In the listing below, start your output at the line with "- 【Fully ETL" and end it after the line with "An icon slot", copying every line exactly.
*** SUPPLIED RECORDS ***
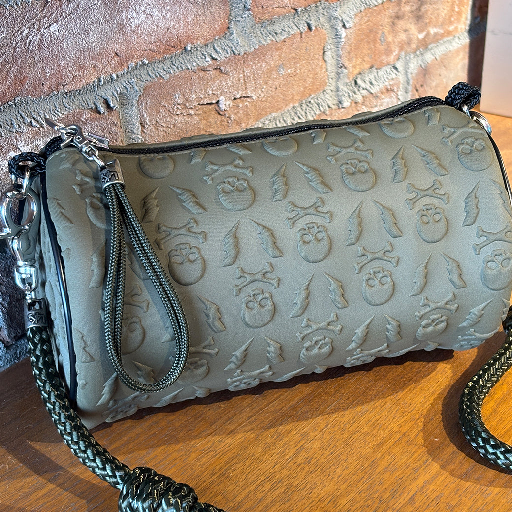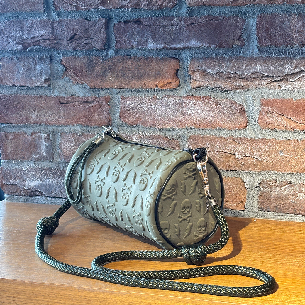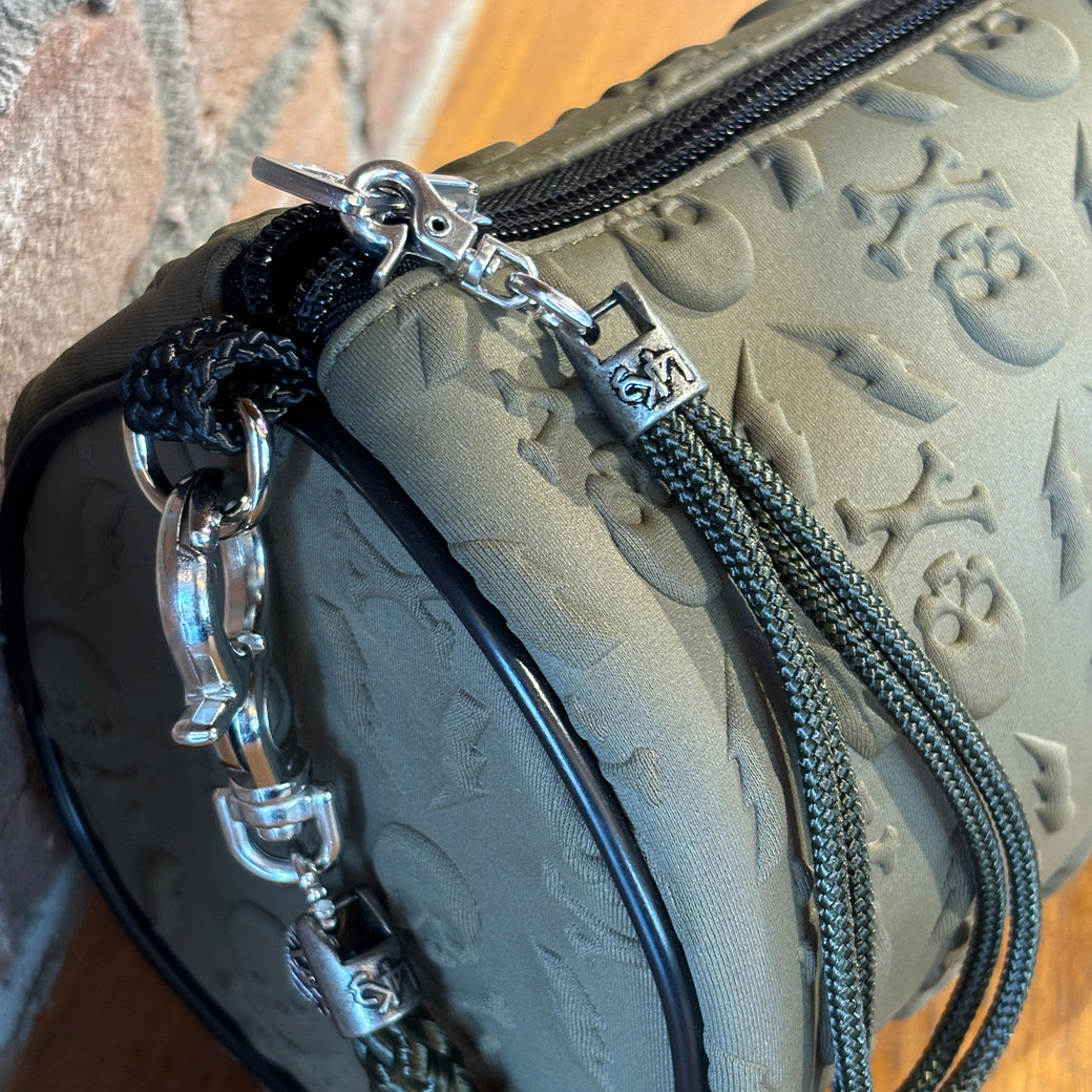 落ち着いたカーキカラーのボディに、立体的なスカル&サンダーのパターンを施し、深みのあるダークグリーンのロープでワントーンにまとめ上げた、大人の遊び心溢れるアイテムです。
*** End of SUPPLIED RECORDS ***
*** SUPPLIED RECORDS ***
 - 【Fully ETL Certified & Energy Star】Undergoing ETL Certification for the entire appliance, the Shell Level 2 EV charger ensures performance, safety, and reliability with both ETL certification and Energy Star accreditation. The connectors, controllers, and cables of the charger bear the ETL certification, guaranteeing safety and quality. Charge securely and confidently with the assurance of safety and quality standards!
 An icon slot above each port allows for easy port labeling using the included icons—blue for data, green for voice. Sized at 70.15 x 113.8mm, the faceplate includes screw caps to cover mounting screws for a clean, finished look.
*** End of SUPPLIED RECORDS ***
SOLVED EXERCISE:
 - 【Fully ETL Certified & Energy Star】Undergoing ETL Certification for the entire appliance, the Shell Level 2 EV charger ensures performance, safety, and reliability with both ETL certification and Energy Star accreditation. The connectors, controllers, and cables of the charger bear the ETL certification, guaranteeing safety and quality. Charge securely and confidently with the assurance of safety and quality standards!
 An icon slot above each port allows for easy port labeling using the included icons—blue for data, green for voice. Sized at 70.15 x 113.8mm, the faceplate includes screw caps to cover mounting screws for a clean, finished look.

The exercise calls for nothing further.